店じまい・店びらき ~閉店のヘキレキ~

misebiraki.exblog.jp
ブログトップ

カテゴリ:洋品店( 1 )


2006年 06月 05日

「閉店」とは書きません

e0030939_22201049.jpg今日の閉店貼り紙は、文京区本郷の洋品店、
丸木屋洋品店。戦後からやっていた。歴史は60年ほど。


















以下は、切り盛りしていたおばあさんとの一問一答。

Q店を閉める転機となったのは何ですか?
 景気も良くないし。なにしろ、くたびれた。病気もしたし。継ぐ人もいないし。
 あと店は借りていたんだけど、建物の建て替えがしなきゃならなくなって。
 そんなときに兄弟から引っ越してこないかという誘いがあって。
 

Q一番の想い出は?
 創業当時。

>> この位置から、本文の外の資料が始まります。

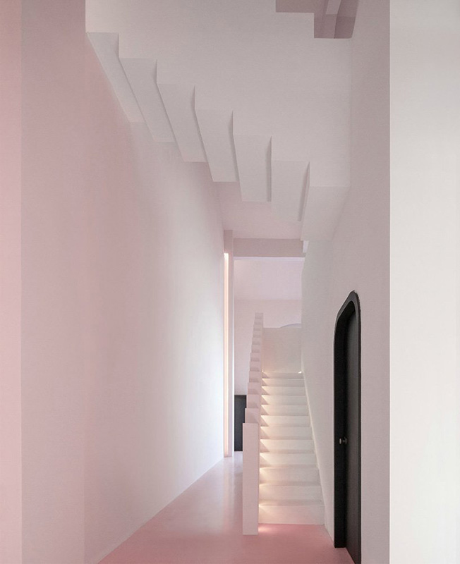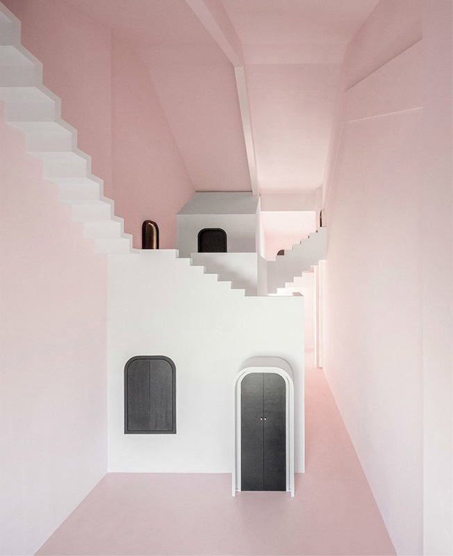Китайские проектировщики Studio 10 с офисами в Шэньчжэне, Гонконге и Нью-Йорке cоздали отель. Его розовые и зеленые интерьеры вдохновлены «невозможной архитектурой» голландского графика Маурица Корнелиса Эшера, мастера оптических иллюзий. Дом, построенный для отельеров The Other Place Guilin Litopia находится в живописном Гулине, курортной провинции Гуанси на юге Китая и занимает площадь 1588 кв. метров. Студия под руководством Ши Жу (Shi Zhou) отремонтировала существующие комнаты гостевого дома так, чтобы создать «таинственное, бесконечное и невозможное пространство» со множеством оптических иллюзий. Монохроматические интерьеры подчинены цветовому лабиринту: есть зеленые комнаты, бледно-розовые и белые. Все вместе они обозначают переход от сна к бодроствованию. Оборудование и осветительные приборы скрыты за панелями и крупным обрамлением дверных проемов, выделенных черным цветом. «Математики открыли дверь, ведущую в другой мир, но сами войти в этот мир не решились. Их больше интересует путь, на котором стоит дверь, чем сад, лежащий за ней», — считал Мауриц Эшер (1898-1972) . Оказалось, что с помощью работ Эшера можно объяснить такие математические понятия, как: фракталы, параллельный перенос, квазипериодичность и пр. Самым важным для Эшера считаются его 20-метровые «Метаморфозы», картины, на которых логика пространства и времени нарушается, а городской пейзаж превращается в шахматную доску. Визуальные трансформации, столь точно изображенные Эшером без компьюторного моделирования востребованы сегодня у архитекторов всех континетов и рас. «Вдохновленные трудами М.К. Эшера, мы хотели создать загадочное, бесконечное и невозможное пространство с плавным преобразованием 2D в 3D, — пишут архитекторы Studio 10. — Антигравитационная лестница ведет к черным дверям, которые может быть приведут в секретный сад».

配給制で、病気の診察も医療券が必要だった。
 そんな中で店を立ち上げてとにかくドタバタしてたけど、一番楽しかった。


e0030939_22271243.jpg創業した父の背中を見て育った
いつしか自然に店に立っていた
働いて働いて、気づいてみたら
七十ウン歳、独り


















店がある菊坂下の通りには、かの樋口一葉が居を構えていた家があります。
父を喪い、男のいない家の戸主。
細身にのしかかる家計の崩落。
暗い崖下の生活から這い上がろうとして小説を書き始めた一葉。
結核に追われながら一気に才能を開花させましたが、ついに魔に追いつかれ、
24歳で急逝します。

そんな菊坂下で、父亡きあと、同じように女手一つで切り盛りしてきた丸木屋洋品店。

貼り紙に『閉店』と書いていなかったことについて女主人は、わざと言葉を濁しました。
その意地に、一葉を感じたのは気のせいでしょうか。